I am not smitten with the number I seen on the scale. I feel like I’ve been working so hard — too hard! — for it to still be so unsatisfying. But the problem isn’t the number. The problem is that I’m letting myself care too much about the number. And THAT’s what I’m going to work on.
All of the important things are in this photo, including:
- The better half of a post-insanity rawr face.
- Panoramic bicep shot.
- Bathroom “One Blue Pussy” Warhol print.
- Photo of a photo of a photo into infinity paradox. I basically broke space-time with this one. Whoops!
- Tear-stained t-shirt (courtesy of the 30 Rock finale feelings I felt).
My work here is done.
A great breakdown of eating clean from one of my favorite skeptical medicine sites. I have bolded parts that were particularly helpful to me. Find the complete article here.

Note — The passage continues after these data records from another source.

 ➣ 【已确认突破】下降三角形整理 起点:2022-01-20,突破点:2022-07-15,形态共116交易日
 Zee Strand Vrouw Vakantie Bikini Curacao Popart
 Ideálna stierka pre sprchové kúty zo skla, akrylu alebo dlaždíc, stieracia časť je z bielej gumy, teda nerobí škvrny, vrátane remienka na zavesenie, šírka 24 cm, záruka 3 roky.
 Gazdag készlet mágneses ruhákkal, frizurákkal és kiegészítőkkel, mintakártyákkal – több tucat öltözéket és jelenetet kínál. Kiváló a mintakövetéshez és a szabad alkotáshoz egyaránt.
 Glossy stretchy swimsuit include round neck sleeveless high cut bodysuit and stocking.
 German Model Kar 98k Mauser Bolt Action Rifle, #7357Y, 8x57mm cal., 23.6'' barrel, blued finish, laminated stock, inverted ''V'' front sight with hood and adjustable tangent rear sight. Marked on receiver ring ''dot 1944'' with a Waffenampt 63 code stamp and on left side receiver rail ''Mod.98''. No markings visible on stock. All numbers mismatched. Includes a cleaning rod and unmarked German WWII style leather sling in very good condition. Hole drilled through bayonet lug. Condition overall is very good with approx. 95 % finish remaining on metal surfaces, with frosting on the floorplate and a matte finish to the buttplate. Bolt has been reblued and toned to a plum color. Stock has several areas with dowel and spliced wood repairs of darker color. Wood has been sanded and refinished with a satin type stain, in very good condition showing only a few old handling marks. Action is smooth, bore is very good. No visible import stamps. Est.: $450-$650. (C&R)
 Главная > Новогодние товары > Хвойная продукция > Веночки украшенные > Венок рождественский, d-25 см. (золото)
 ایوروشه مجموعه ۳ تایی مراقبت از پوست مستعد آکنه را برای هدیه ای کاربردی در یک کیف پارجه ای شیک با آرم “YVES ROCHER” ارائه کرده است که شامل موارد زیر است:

Should you be “Eating Clean”?
A look at dietary myths / fads with crazy things like “proof” and “scientific evidence” sprinkled on top. Totally worth reading (and worth reblogging as a reminder to your future forgetful self who isn’t going to get fad-tricked into ridiculous food situations that don’t make any sense at all).
Moderation, moderation, moderation … and a dash of common sense, y’all!